Just so, everyone knows Percy is five years old.
Chapter 3: Olympians Reaction.
It was a normal day for the Olympians. They were currently in a meeting, and fighting with one another.
"You stole my wife from me!" Hephaestus yelled at Ares.
"So what your point?" Ares yelled back.
"Hephaestus, you have to admit Ares is better looking than you." Aphrodite yelled trying to stop the fight. Apollo and Hermes were fighting over something stupid. Their looks.
"We all know I'm hotter than you just admit it. I am the unofficial god of hotness, too." Apollo said.
"The only thing that your god over is the God of big egos." Hermes countered with. Apollo was so shocked he fell out of his chair. Hat left Hermes in a laughing fit, while Apollo looked mortified.
Zeus was listening to Hera complain about him being a bad husband.
"I should just go ahead and kill all those sluts right now-"
"If I give you one of my kids will that shut you up?" Zeus asked.
"Yes."
Poseidon and Athena were fighting about whose children were the best.
"My son is better all your sons and daughters put together!" Poseidon yelled Athena.
"Just because your son is Prince of Olympus doesn't mean he is better than my kids, Poseidon!" Athena shouted back.
"That's Uncle Poseidon to you." Athena let out a growl of frustration.
"QUIET!" Zeus shouted. All the gods quit arguing and turned toward Zeus.
"Athena where is Percy?" Athena looked around surprised Percy was not here yet. None of the other gods noticed that Hermes and Apollo shared a look with each other.
"He should have been-" Athena was cut off by a loud crack that sounded through Olympus. Then another one followed soon after. Then a loud, long drawn out scream came from the direction a Percy's temple (though he called it his room). All the gods immediately started to run to Percy's room, when a huge, Olympus shaking crack came followed by 1,0000,0000,000,000,000,000,000,000,000,000,000,000,000,000,000,,000 gallons of water came through soaking everyone and everything. Hermes and Apollo instantly paled. Athena noticed at narrowed her eyes, which caught Zeus attention, which caught everybody else's attention. Hermes and Apollo started to tremble.

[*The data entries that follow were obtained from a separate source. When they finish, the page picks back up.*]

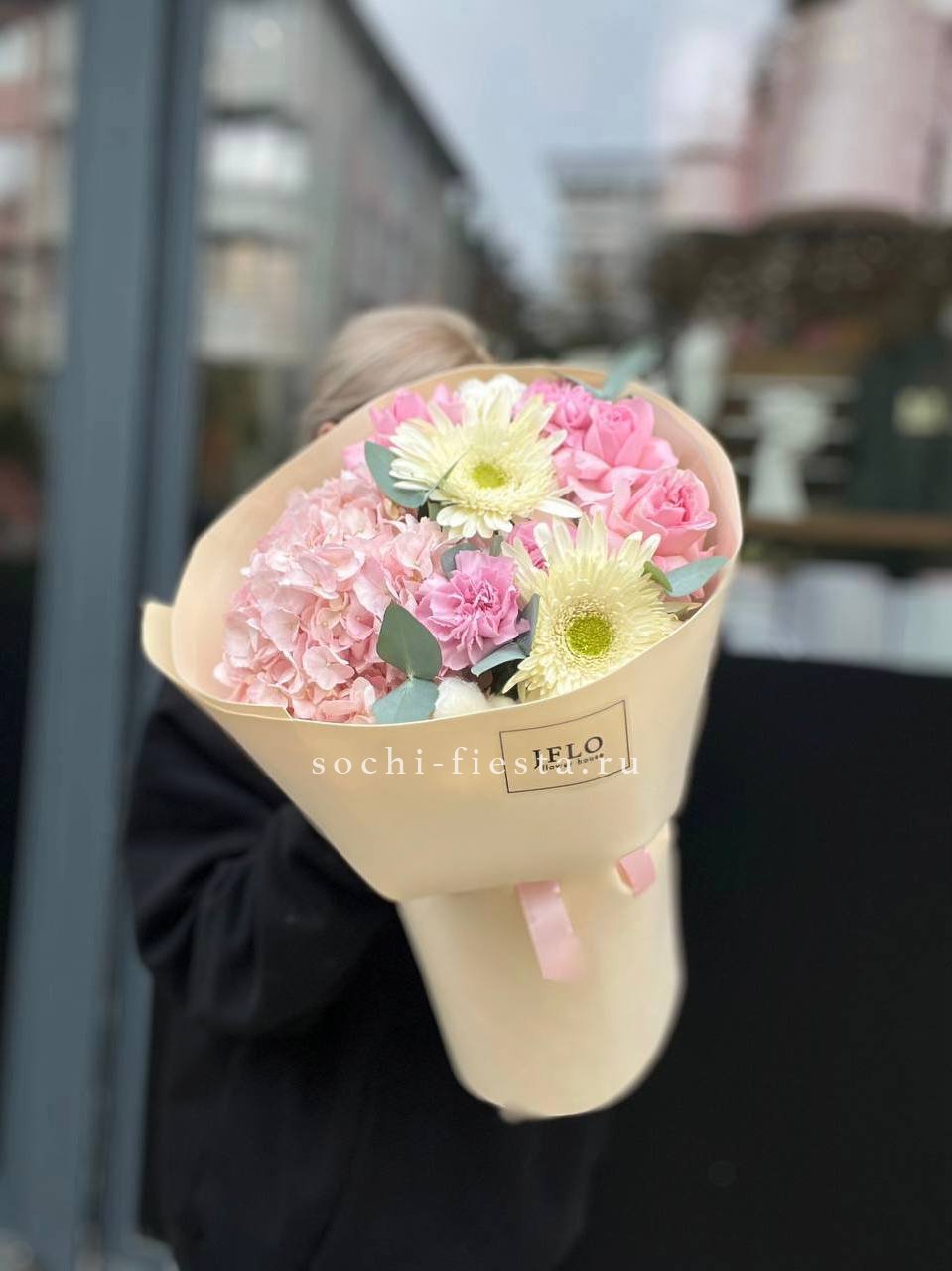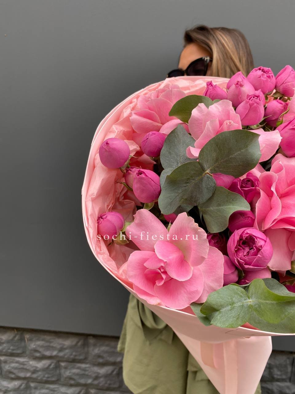 Розовая гамма раскрывается через махровые пионовидные бутоны и классические розы с плотной текстурой лепестков. Эвкалипт вплетается в композицию, создавая свежий акцент.
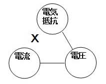 3つの中の一つ値を固定値(定数)にした時、残りの2つが比例するなら、それら2つを線で繋ぎます。残りの2つが比例でない(反比例)なら間にxを記入します。
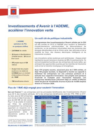 L'Ademe, en tant qu'opérateur du PIA, a mobilisé 2,45 milliards d'euros pour soutenir des projets d'innovation verte, avec 139 projets retenus sur 575 soumis, générant un potentiel de 10 milliards d'euros de chiffre d'affaires et plus de 10 000 emplois d'ici 2020. Quatre programmes principaux abordent des thématiques comme les énergies décarbonées, les véhicules du futur et l'économie circulaire, favorisant des synergies entre entreprises et laboratoires de recherche. Les initiatives incluent des projets emblématiques tels que le développement de technologies pour les réseaux électriques intelligents et les énergies renouvelables, contribuant à la transition énergétique et écologique en France.
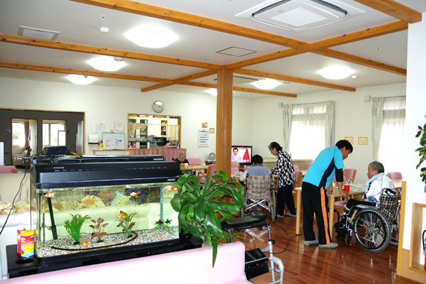広々とした共同スペースではレクリエーションや談話を楽しんだり、美味しい手作りのお食事をいただいたり、ご利用者がゆっくりとお過ごし頂ける環境となっております。

"WHAT IN HADES NAMES DID YOU DO THIS TIME?" Poseidon shouted. Zeus' lighting bolt appeared in his hand.
" W…Well me and …Apollo here decided…to, umm prank Percy.." Hermes said weakly.
" What exactly was this prank?" Hera said in a dangerous voice.

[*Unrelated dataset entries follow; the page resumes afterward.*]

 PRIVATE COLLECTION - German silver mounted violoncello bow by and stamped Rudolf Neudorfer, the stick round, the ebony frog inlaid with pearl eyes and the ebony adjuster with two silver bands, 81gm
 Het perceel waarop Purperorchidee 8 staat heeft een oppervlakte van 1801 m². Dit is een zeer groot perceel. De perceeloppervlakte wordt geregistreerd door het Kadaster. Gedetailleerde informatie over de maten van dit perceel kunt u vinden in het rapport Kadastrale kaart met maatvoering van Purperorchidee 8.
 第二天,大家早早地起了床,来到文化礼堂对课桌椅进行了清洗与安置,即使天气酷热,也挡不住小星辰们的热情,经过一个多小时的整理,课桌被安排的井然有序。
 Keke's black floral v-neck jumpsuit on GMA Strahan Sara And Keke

'Uh-oh Mamma Bear is coming out' Ares thought, wondering what his Mother would do to Hermes and Apollo once she found out what they did.
"Well ummm we took and (made it where all the water from his roof fell on him.)

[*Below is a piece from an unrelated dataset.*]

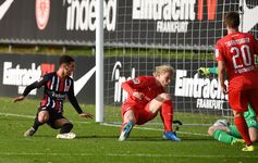 Gelungener Praxistest Die Eintracht gewinnt den Test gegen Sandhausen mit 2:1. Darüberhinaus sammeln viele Akteure Spielpraxis und das Trainerteam taktische Erkenntnisse. In etwa halber Kaderstärke bedeutete das Aufeinandertreffen mit dem Zweitligisten die sinnvollste Form eines Mannschaftstrainings in gesteigerter Intensität. Taktische Ideen konnten auf Großfeld getestet, Spielern mit zuletzt weniger Einsatzzeit eine Bewährungschance ermöglicht werden. Vom Stamm der Vorwochen blieben einzig Danny da Costa und Makoto Hasebe in der ersten Elf. In der Startformation stach neben der Nominierung von vier A-Junioren vor allem die taktische Anpassung von der gängigen Dreier- hin zu Viererkette ins Auge. Adi Hütter ließ seine Mannen im 4-4-1-1 antreten. Die Grundformation gestaltete sich bei gegnerischem Ballbesitz oftmals auch im 4-4-2, das die Adler nach Möglichkeit sehr offensiv und aggressiv interpretierten. Bei Ballgewinn ging es schnurstracks in die Spitze, wie beim ersten Führungstreffer, als Dominik Kohr auf den durchgestarteten Erik Durm chippte, der auf Jip Molenaar querlegte, welcher aus nächster Nähe zum 1:0 einschob (10.). In der Folge entwickelte sich ein munterer Herbstkick, bei dem beide Seiten nicht vollends lückenlos verteidigten. Der Ausgleich des von der Strafraumkante trocken abschließenden Philipp Klingmann war Mitte der ersten Halbzeit nicht unverdient (23.). Im Gegenzug fasste sich Kohr aus dem Hinterhalt ein Herz, fand aber in Rick Wulle seinen Meister (24.). Wiederum nur zwei Zeigerumdrehungen später konnte sich Felix Wiedwald gegen den allein vor ihm auftauchenden Aziz Bouhaddouz auszeichnen (26.). Nach einer halben Stunde war es erneut eine jener forschen Verteidigungsaktionen in vorderster Front, die die die erneute Führung provozierte, als Kohr eine Gegenpressingaktion nutzte, um Abdulkerim Cakar zu bedienen, woraufhin sich der zweite U19-Junior nicht lange bitten ließ (32.). Comeback von de Guzman So kurz die kaum achtminütige Halbzeitpause dauerte, ließen Chancen nach dem Seitenwechsel lange auf sich warten. Die erfreulichste Botschaft war denn auch die Einwechslung von Jonathan de Guzman nach einer Stunde. Es war gewissermaßen das Comeback für den Niederländer nach über zweimonatiger Verletzungspause. Ansonsten stand vor allem der erste nach der Pause eingewechselte Adler, Jan Zimmermann, im Fokus, als er binnen weniger Augenblicke zwei Mal seinen Mann stand (68., 69.). Auf der Gegenseite verströmten nochmal Cetin (79./pariert) und Durm (80./vorbei) etwas Gefahr, insgesamt war nach dem Seitenwechsel aber Sandhausen dem Ausgleich näher als Frankfurt der Vorentscheidung. Die letzte Aktion gehörte Timothy Chandler mit einem feinen Distanzschlenzer (89.). Fazit: Gelungener Praxistest Zugegebenermaßen hat niemand die Sterne vom Himmel gespielt, worauf es am Donnerstagnachmittag aber auch nicht ankam. Die Eintracht zog individuellen Nutzen (Spielpraxis) und kollektive Erkenntnisse (System) aus dem Härtetest. Am morgigen Freitag folgt das morgendliche Auslaufen am Tag nach einem Spiel, ehe sich die Adlerträger guten Gewissens ins freie Wochenende verabschieden dürfen.

"!" All the gods yelled staring at Hermes and Apollo. Hera ran into Percy's "room" and frantically looked for him, with all the other gods following her. She ran into his bedroom and just saw a blue whale failing to notice the hand sticking out from underneath it.
Poseidon and Hades searched the game room. Looking under all the now destroyed games, they didn't find one sign of Percy.
Everybody else was searching every single one of the many rooms. After a while even all the minor gods joined. It wasn't until Poseidon passed Percy's bedroom did they even get close to finding him.
Poseidon's (POV)
I was searching wildly for my son, forgetting my anger at Apollo and Hermes for the moment. All the gods were searching the 102 room temple. That may seem big but that was small compared to the gods temple on Olympus. I could sense he was still in his temple, I even tried asking his fish if they knew where he was, but they all kept saying the same thing.
'He stuck, but breathing.' Finally after an hour if searching after passing his bedroom I got some sort of….feeling I guess. I decided to investigate some more and see what I could find. I opened the door and first thing I saw was a big blue whale, "Moby", who was telling all the fish to come find me. He saw me and siad,
'my lord, the boy is under me. I have tried moving but cant.' he was nearly hysterical. I immediately made my voice where I could be heard all over Olympus saying
"ALL THE GODS GET YOUR GODLY BUTTS IN HERE!"